**TRY IT**
Exactly the lines from the start of the data below through the line that contains "ASCO Series 977" are to be copied, with pictures left out.

Dataset excerpts
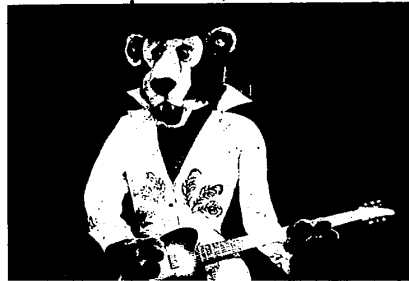
The king of the jungle is Elvis, too.

Don't be surprised if 1982 is called the Year of the Rat.
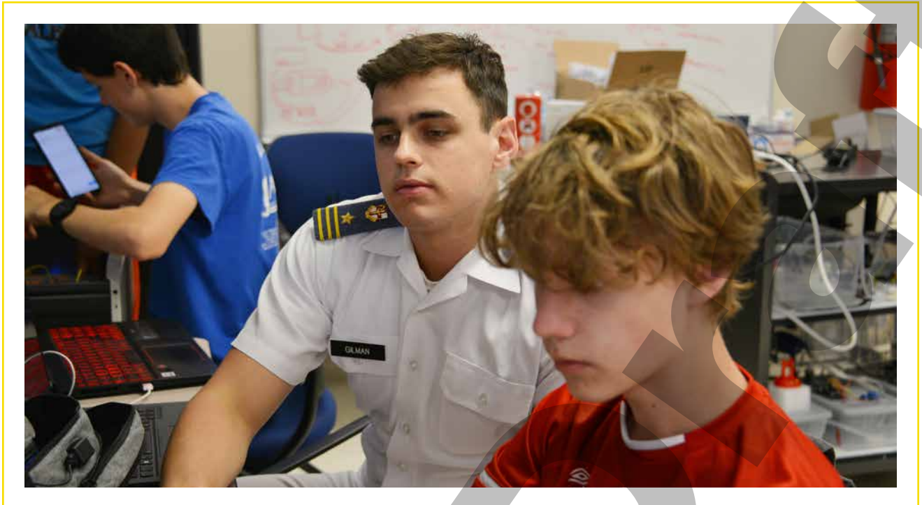
Virginia Military Institute, in collaboration with Virginia Tech, held a 12-week internship for high school students, funded by a workforce development grant from the Commonwealth Cyber Initiative. The grant seeks to build a pipeline of mentorship in which graduate students from Virginia Tech, (with more knowledge and experience on cyber security topics) mentor VMI cadets, and in turn the cadets mentor local high school students. The goal of the internship is to teach the high school students how to develop practical hardware, software, and cybersecurity skills through in-person practical learning and self-paced online training.
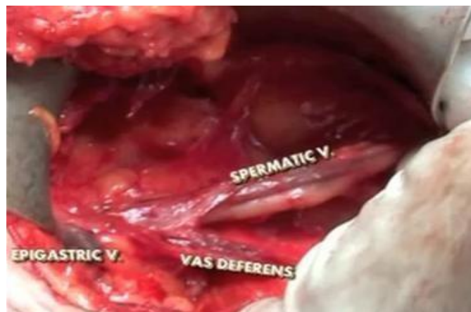
Figure 6: Spermatic cord and cord structures are identified and separated from hernia sac carefully
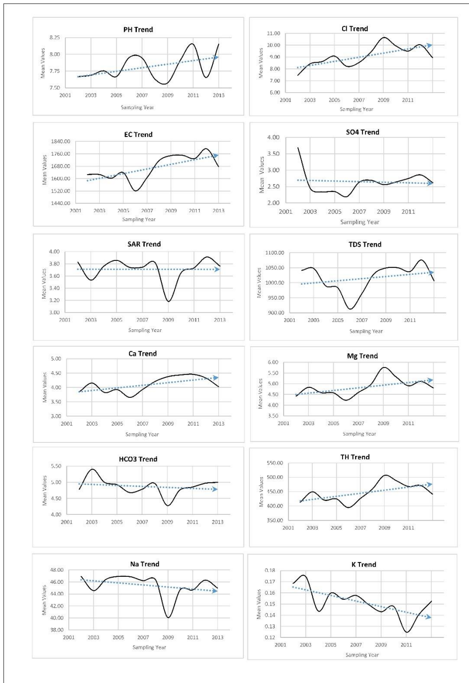
Figure 3. Temporal fluctuations of the qualitative parameters
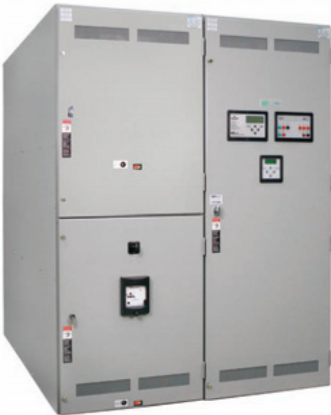
ASCO Series 977 Medium Voltage Power Transfer System

While ASCO Medium Voltage Power Transfer Switches are functionally similar to low voltage transfer switches, they use a pair of medium voltage circuit breakers rather than an ASCO solenoid operating mechanism. An ASCO 7000 Series Power Control Center manages the breaker operation to transfer critical loads between power sources.
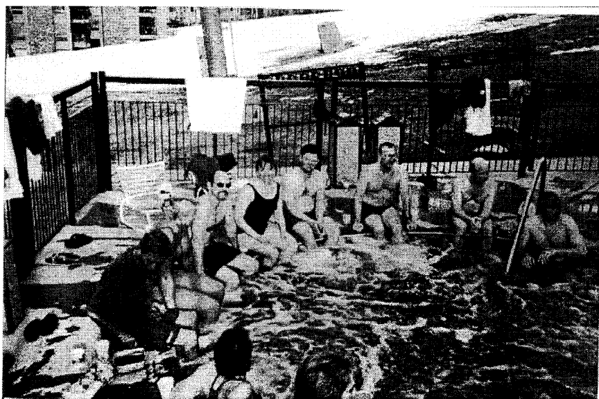
Hot tub at the Crestwood. Snowmass, CO, April 2002
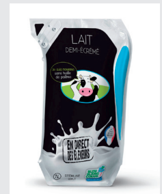
Award Winner: Ecolean Air Aseptic 1000ml French dairy producer En Direct Des Éleveurs won two prizes at World Dairy Innovations Awards in Dublin.

Ecolean Air Aseptic 1000ml not only provides a flexible and lightweight package for French consumers, with a unique QR code the French dairy producer also makes it possible to trace which farm the milk has originated from. The high-quality milk from En Direct Des Éleveurs – rich in Omega-3 and free from palm oil and GMOs – is currently sold individually or in a multipack of six units, in over 260 supermarkets and hypermarkets throughout western France. In 2016, the company's milk in Ecolean Air Aseptic was awarded the Innovation Award of Dairy Products at SIAL Paris – the world's largest food innovation exhibition.
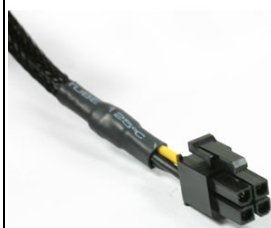
+12V-4Pin X 1
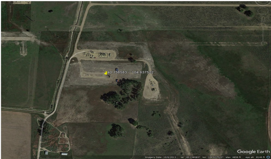
Imagery Date: October 6, 2013

Site Name: PALYO 35S-11HZ AL
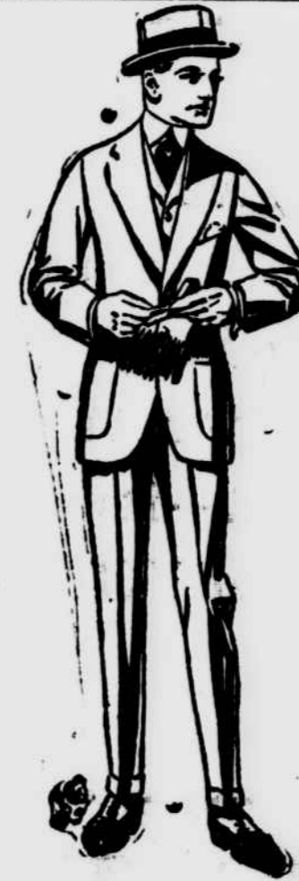
All of the Very Latest Styles

Boys' Overcoats in all styles. Good heavy coats for this cold weather. Birthday Special... $1.98
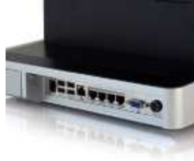
Versatile I/O ports
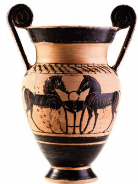
A volute krater had curved handles.
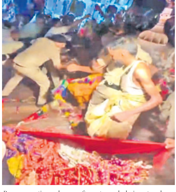
Rescue operation under way after a stampede during a temple festival in North Goa on Saturday.

About 50 people fell on the slope, and the stampede
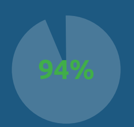
Percent Receiving Scholarship Assistance
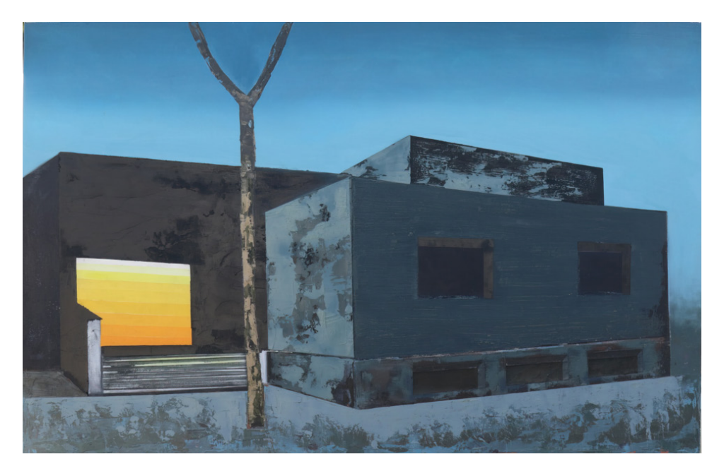
On & Off 2016. Oil on canvas, 62 cm X 99 cm

Here, we encounter a pessimistic view, represented in an organic form, symbolized through the inkblots attempting to escape or trapped inside a rigid geometric structure that floats in the air. We see the trampoline-like feature at the top of the structure, suggesting a leap into the void, into space signifying an escape. In this dramatic context of forms and feelings, the intention in the title Conflict Mediator seeks to achieve some balance, a way to mediate the conflict between organic form and geometry, just as in life given the countless dualities.
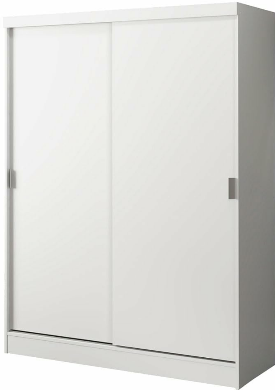
Image: Front view of the Madesa Luke 2-Door Sliding Wardrobe, showcasing its clean white finish and two sliding doors.
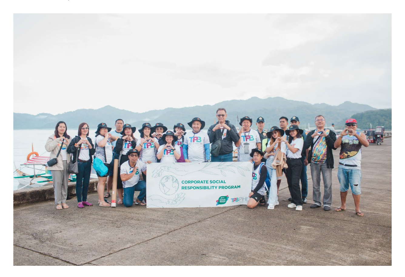
DAY 2: CSR Proper: Turn-over of CSR Goods to the tourist boatmen and students of Palaui Island
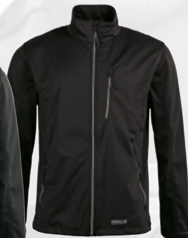
Schwarz 2720 - 0008
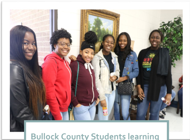
Bullock County Students learning together.

Upward Bound students were able to enjoy a cloudy day in Dothan, Alabama on Saturday, January 19 th . Our First Annual TRIO UB Career Day was a tremendous success. Participants were greeted on campus and enjoyed juice and freshly made donuts. The opening session provided an overview of what was to come. Rotating workshops included: Too Legit to Quit (Two-year vs. Four Year Colleges), Money in the Bank (Financial Literacy), Tunnel Vision (Goal Setting), and Securing the Bag (Confidently Choosing a Career).
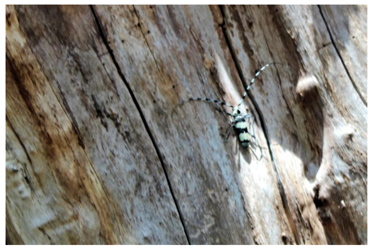
Banded Alder Borer (Rosalia funebris) observed along Sapillo Creek

the 20 inch class have been stocked in Lake Roberts and several streams in the Gila, the size for most wild Gila trout is from 5 to 9 inches. Their life span is typically 4 with some years, known to reach 6 vears. In small streams where growth is limited, Gila trout generally spawn for the first time at three

**ANSWER TO THE PROBLEM**
The king of the jungle is Elvis, too.

Don't be surprised if 1982 is called the Year of the Rat.
Virginia Military Institute, in collaboration with Virginia Tech, held a 12-week internship for high school students, funded by a workforce development grant from the Commonwealth Cyber Initiative. The grant seeks to build a pipeline of mentorship in which graduate students from Virginia Tech, (with more knowledge and experience on cyber security topics) mentor VMI cadets, and in turn the cadets mentor local high school students. The goal of the internship is to teach the high school students how to develop practical hardware, software, and cybersecurity skills through in-person practical learning and self-paced online training.
Figure 6: Spermatic cord and cord structures are identified and separated from hernia sac carefully
Figure 3. Temporal fluctuations of the qualitative parameters
ASCO Series 977 Medium Voltage Power Transfer System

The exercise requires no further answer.